437.Paragraph 11 repeals provision for criminal offences in section 52 under Part 4 which have become unnecessary in light of changes made to section 2 of the Magistrates’ Courts Act 1980 by the Courts Act 2003.

438.Paragraph 12 omits Part 5 (miscellaneous) and section 57 (general provision for compensation) in Part 6 of the Public Health Act 1984. The provisions are either out of date or are intended to be replaced by or under Part 2A.

439.Paragraphs 13 to 15 bring sections 58 to 60 in line with new Part 2A by substituting for local authorities, relevant health protection authorities which include local authorities and making other consequential amendments.

440.Paragraph 16 updates the Public Health Act 1984 by introducing a new section 60A which provides a regulation-making power to enable notices, orders and other documents to be given or served electronically.

441.Paragraph 17 updates and amends the powers to enter premises in section 61 to bring them into line with Part 2A. New subsection (2A) of section 61 curtails the right of entry in subsection (1) of section 61 so that it does not apply in respect of a private dwelling, but without affecting the power of a justice of the peace to issue a warrant under subsection (3) of section 61.

442.Paragraph 18 amends section 62 to elaborate on how the right of entry or authorisation by warrant to enter under section 61 can be used.

443.Paragraph 19 substitutes a new section 63 to provide for the wilful obstruction offence that continues to apply to Parts 3, 4 and 6 of the Public Health Act 1984 and bring the maximum fine, other than in relation to Part 4, into line with the maximum fine payable under Part 2A.

444.Paragraph 20 inserts new sections 63A and 63B which concern offences by bodies corporate and unincorporated associations respectively. An officer of a body corporate may be liable for an offence as well as the body corporate by virtue of new section 63A. An officer or member of an unincorporated association may be liable for an offence as well as the unincorporated association by virtue of new section 63B.

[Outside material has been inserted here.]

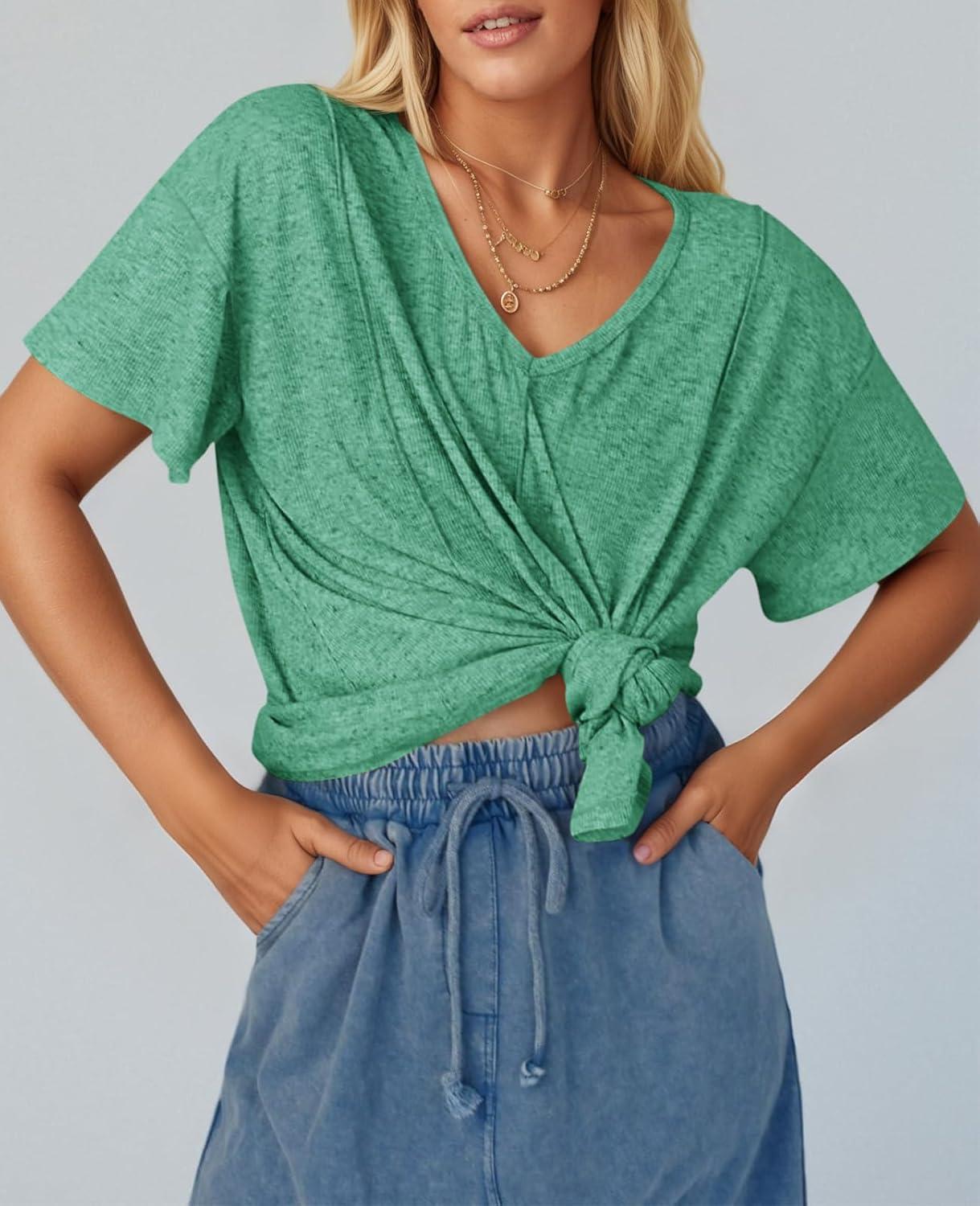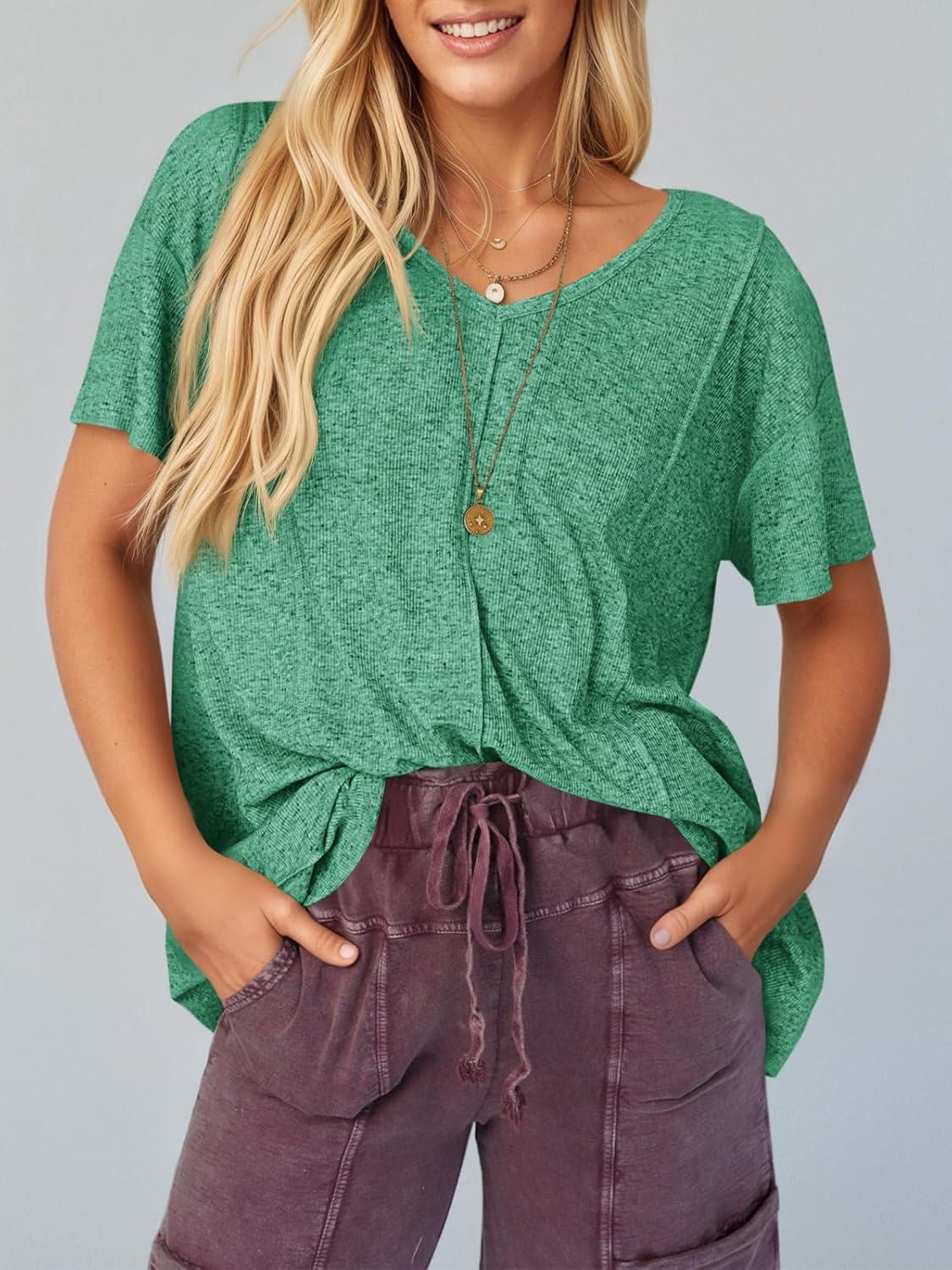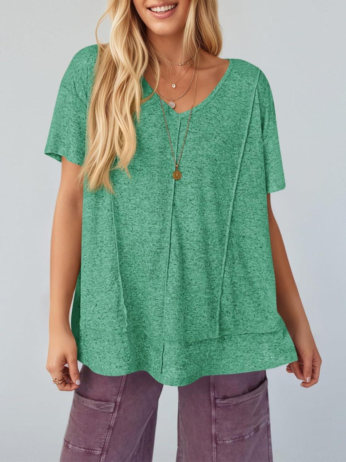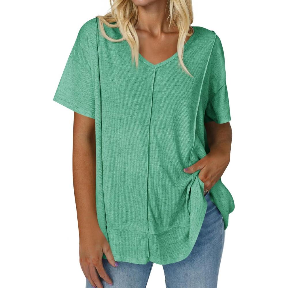 Tankaneo Womens Oversized Tshirts Knit V Neck Short Sleeve Tunic Tops Summer Casual Loose Fit Tee Shirts(Lake Green)

445.Paragraph 21 updates and amends section 64 to restrict who can bring a prosecution under the Public Health Act 1984.

446.Paragraph 22 inserts new section 64A to extend time limits in the Magistrates’ Courts Act 1980 for bringing a prosecution for an offence created by or under the Public Health Act 1984.

447.The amendment at paragraph 23 to section 67 is needed to ensure that the right of appeal under section 67 applies to decisions of a magistrates’ court under regulations made in Part 2A.

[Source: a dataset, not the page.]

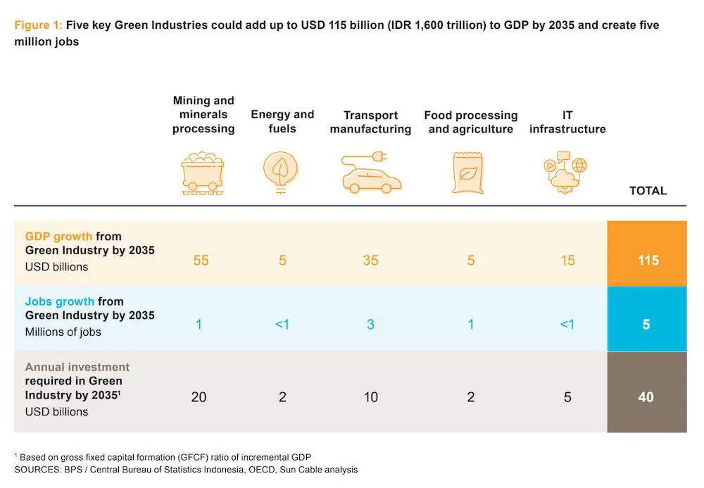 Pero el plan más amplio es construir cinco industrias clave identificadas en un estudio conjunto que tienen el potencial de sustentar el crecimiento verde y sumar 171.000 millones de dólares (unos IDR 1,600 billones) al PIB de Indonesia para 2035.

448.Paragraph 24 substitutes a new section 69 to extend protection from personal liability in or under the Act to all those who could carry out functions by virtue of new Part 2A.

449.Paragraph 25 removes the power for the Secretary of State to hold local inquiries under section 70 by omitting the section.

450.Paragraph 26 substitutes a new section 71 to update the default powers setting out the process to be followed if the appropriate Minister believes a relevant health protection authority is not carrying out its functions correctly.

451.Paragraph 27 extends the “cumulative effects” provision in section 72 to include regulations made under new Part 2A and other provision under the Act.

452.Paragraph 28 makes a consequential amendment to the provisions on Crown property in section 73 to reflect the new definition of premises which includes vessels.

453.Paragraph 29 makes consequential amendments and adds definitions to, or updates the definitions in, section 74 (interpretation) to reflect changes in Part 2A.

454.Paragraph 30 repeals section 76, which made provision for the Isle of Man and the Channel Islands.

455.Paragraph 31 repeals a reference to a repealed provision in the Public Health Act 1984 from the Planning and Compensation Act 1991.